I’m designing a system with a 7mm diameter (D) lens. This lens tends to optimize to a meniscus shape with a very short curvature radius on the concave surface. I’m now imposing an absolute R> D/2 to avoid hyper-hemispherical conditions, therefore R>3.5mm, but I feel this is still a too weak contraint.
What could be a minimum curvature radius for this surface to be manufacturable?
Thank you
If this is meniscus shape,it’s totally can be designed two diameters,one diamter for concave surface,one diameter for convex surface,I mean, you can decrease the diameter of the concave surface by increasing the planar area of the concave surface.
A good rule of thumb is 5mm but some shops have tooling to go shorter. Always talk to the shop early in the design process.
In any case, 5mm on a 7mm diameter element is a very fast surface, which makes it difficult to polish and test. You might be better off splitting that into two weaker elements. Doing that will also loosen your tolerances significantly.
Thank you for the rule of thumb and for the additional hint about power splitting.
I’ve been searching on test-plate lists and stock optics catalogues. It seems test plates easily go below 3mm radii, but I cannot find quite many stock lenses with radii below 3.5mm.
Something else I’m worried about is “diameter to center-thickness” ratio for small lenses. I’m used to stay between 3 and 10, but it seems this rule is completely broken for small lenses such as those used in endoscopes. See for example M_008.zmx from ZEBASE
For us,if the diameter of meniscus lens is 7mm,we can do when R ≥ 4mm,It can be manufactured.
About example M_008.zmx,for us manufacturers,there are too many parameters missing,such as diameter,Arc depth etc.
So it is not convenient to evaluate the feasibility of the optical system for manufacturers.
@Hanter_Xia thanks for this and the previous answer!
As for M_008.zmx example, I’m sorry I cut the column names in the tabular data above the layout!
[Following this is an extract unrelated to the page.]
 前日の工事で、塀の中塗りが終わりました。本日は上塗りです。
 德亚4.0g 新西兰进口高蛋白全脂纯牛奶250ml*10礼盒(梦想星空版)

Here is a better screenshot:
@Alberto_Donazzan
Yeah,it just like cylindrical lens,as you said,the thickness is>20mm,so it‘s processing is difficult,But it can be produced,however it should need special tools used for milling and polishing.
I would like to suggest that you reduce the center thickness,but this optical system is suitable for endoscopy,and it may have a great impact on reducing the center thickness.
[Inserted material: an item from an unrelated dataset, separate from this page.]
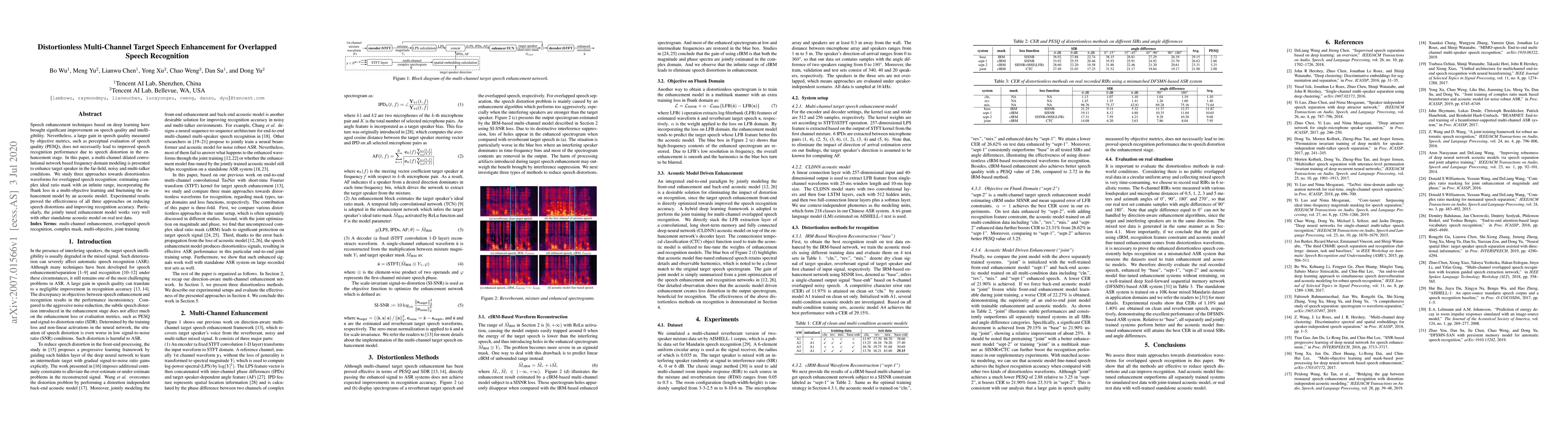 Speech enhancement techniques based on deep learning have brought significant improvement on speech quality and intelligibility. Nevertheless, a large gain in speech quality measured by objective metrics, such as perceptual evaluation of speech quality (PESQ), does not necessarily lead to improved speech recognition performance due to speech distortion in the enhancement stage. In this paper, a multi-channel dilated convolutional network based frequency domain modeling is presented to enhance target speaker in the far-field, noisy and multi-talker conditions. We study three approaches towards distortionless waveforms for overlapped speech recognition: estimating complex ideal ratio mask with an infinite range, incorporating the fbank loss in a multi-objective learning and finetuning the enhancement model by an acoustic model. Experimental results proved the effectiveness of all three approaches on reducing speech distortions and improving recognition accuracy. Particularly, the jointly tuned enhancement model works very well with other standalone acoustic model on real test data.

Here is one point for sharing.
Regarding this achromatic doublet lens,the lens on the left should cancel the platform on the convex surface,which should be unfavorable for processing,even with special tools.
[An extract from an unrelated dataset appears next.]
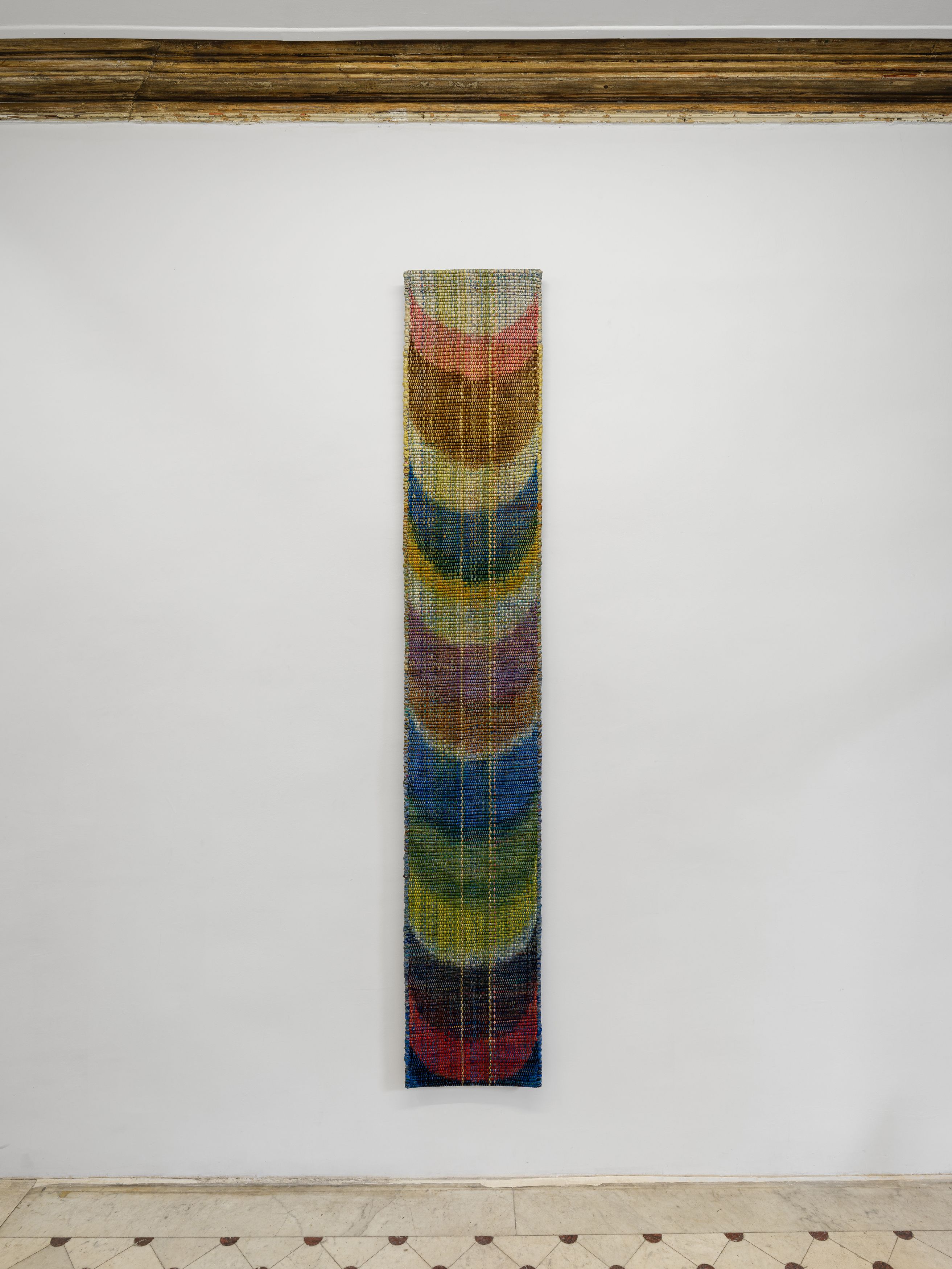 Mitsuko Asakura is a contemporary Japanese textile artist renowned for her shimmering ombré silk tapestries that evoke rhythm and movement, and the Japanese landscape, moon and sky. Rooted in the kimono traditions of Kyoto, her work fuses meticulous craftsmanship with the material presence of color—indigo, among other natural and modern dyes—linking her contemporary practice to a centuries-old craft. We will feature her coveted Waltz series, started in the 1970’s— sweeping colorful horizontal forms of intricate weavings paused with dipping unbounded threads, she miraculously adds motion with intervals of rest, within a conventionally static medium.

It may be possible to try to use a diamond single point turning machine for production, but the characteristics of the lens material need to be taken into account.
Your insight is very helpful.
About the doublet you highlighted, I would say that shape is just for visualization purposes within the optical design sw. In fact, that glass margin is not considered by ray tracing.
I guess in the real world it would make more sense to ignore the flat margin for the left singlet and just cut it to a smaller diameter to make centering, glueing and mounting easier.
Yeah,you are right!
It’s a great honor to have this discussion,It’s meaningful.
From the point of view of production and processing, the concave hemisphere can be processed, and we can guarantee that the surface shape of 90% of the area is no problem. But from a design point of view, the smaller the radius of curvature, the larger the incident angle of marginal rays, and the larger various aberrations, which is unfavorable.
Alberto,
QED Technologies supplies a 10mm wheel to our customers for our MRF polishing that is able to figure correct 7mm concave RoC parts.
Regards
Brian Charles
Applications Engineer
QED Technologies